SONUÇ İklim Değişikliğinin Kıyı Alanlarına Etkileri ve Uyum Tedbirleri Etkilenebilirlik (Vulnerability) Toprak kayıpları ve kıyı erozyonu Fırtına görülme sıklığında değişimler Nehir ağızlarından daha fazla tuz girişi ve nehir kıyısındaki toprakların tuzlanması Kıyılardaki tarım arazilerinin su altında kalması Yer altı su kaynaklarının tuzlanması Turizmin olumsuz etkilenmesi Kıyı yerleşimlerinin oşinografik etkilere daha fazla maruz kalması Uyum Tedbirleri (Adaptation Measures) Yanda verilen etkilere karşı oluşturulacak uyum tedbirleri sadece fiziksel değil, sosyoekonomik çalışmaları da kapsamalı ve ulusal ölçekte hazırlanan Uyum Eylem Planları ile bütünleştirilmesine ihtiyaç vardır.
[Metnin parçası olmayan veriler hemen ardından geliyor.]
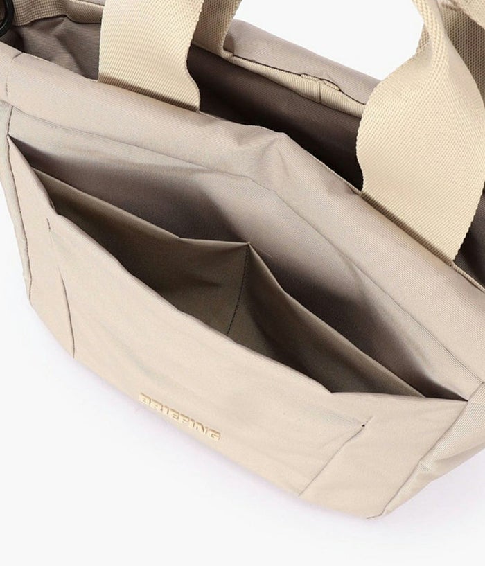 -洗練されたミニマルな設計- ・ステッチを表に出さないクリーンなデザインを採用し、軽やかで扱いやすい仕上がりに。 ・ラウンド中の動作を妨げないよう、取り出しやすさに配慮したフロントポケットを配置。 ・取り外し可能なショルダーベルト付きの2WAY仕様。シーンに応じて手持ち・肩掛けの使い分けが可能。 ・マチ幅約130mmを確保し、必要なアイテムを効率よく収納できる設計。 ・天井ファスナー付きで収納物をしっかりカバーし、移動時も安心。 環境配慮と機能性を両立する素材- ・RPET(再生ポリエステル)を使用した高密度オリジナルファブリック。 ・シャリ感のあるドライな風合いと奥行きのある発色。 ・高密度織りによる耐久性と撥水加工で雨天時のラウンドにも対応。

MDG-F 1680: Türkiye'nin İklim Değişikliğine Uyum Kapasitesinin Geliştirilmesi Projesi ile hayata geçirilen Seyhan Deltası özelindeki çalışmalar ve bu çalışmaların yönetim planları ve ulusal eylem planlarıyla bütünleştirilmesi için atılan adımlar dışında somut uyum tedbirlerinin ele alındığı projeler bulunmamakta ancak bu tip projelerin hazırlanıp, gerekli maddi destek ile hayata geçirilmesi şarttır.
SONUÇ Kıyı alanlarının yönetiminin çok parçalı olması ve ulusal bir kıyı alanları yönetim stratejisinin bulunmaması hem iklim değişikliğine uyum hem de sürdürülebilirlik ilkeleri açısından en önemli eksiktir.